Computed tomography angiography (CTA) is a reliable imaging tool to evaluate children congenital heart disease (CHD) but requires radiation exposure. This study aims to investigate image quality and radiation dose with a prospective electrocardiogram (ECG)-gated 80-slice CTA, in 182 consecutive children examinations with CHD.

Methods and materials:

182 consecutive examinations performed with a prospective ECG-gated 80-slice CTA from March 2016 to December 2017 in Nantes university hospital were retrospectively analysed.
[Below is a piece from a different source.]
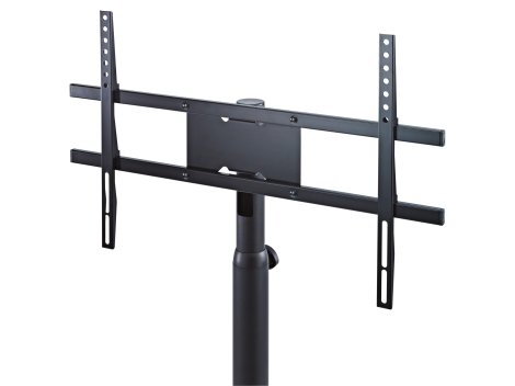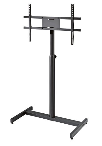 A látványos képernyő/monitor állvány legfontosabb tulajdonsága a stabilitás és könnyű kezelhetőség. Az univerzális rögzítés 42”-65”-os VESA szabvány szerinti lapos képernyők felszerelését teszi lehetővé. Két hosszanti elemet kell a képernyő hátuljára csavarozni, ezzel lehet az állványra tenni. A széles állványcsővel helyet takaríthatunk meg, mivel a kábelek elvezethetők benne. A magasság fokozatokban állítható az ergonomikus magasságállító csavarral. A lábbal a talaj egyenetlenségei kiegyenlíthetők.

Radiation dose was assessed by dose length product (DLP) and effective dose (E). The objective quality image was assessed by contrast to noise ratio (CNR) and subjective quality image by two radiologists with a 10-point scale evaluating visualisation of coronary arteries. Correlation between quality image, radiation dose, age, weight, heart rate was analysed.

Results:

DLPand E were 29.3±15.5mGy.cm and 0.6±0.2mSv respectively. Agreement between radiologists for subjective image quality was 0.79. Subjective image quality score was significantly better (p<0.01) with higher age, weight, DLP and lower heart rate in univariate analysis. CNR was significantly lower with increasing weight and DLP (p<0.05) but there was no correlation between CNR and age and heart rate.

Conclusion:

Prospective ECG-gated 80-slice CTA is performing for the evaluation of children CHD with good image quality and low radiation dose. Visualisation of small structures is better when age and weight increase, heart rate decreases and when the radiation dose is more important. CNR evolves in the opposite side to subjective image quality score. It seems less appropriate to assess image quality from the clinical view of the radiologist.

Limitations:

The study is retrospective.

Ethics committee approval

n/a

Funding:

No funding was received for this work.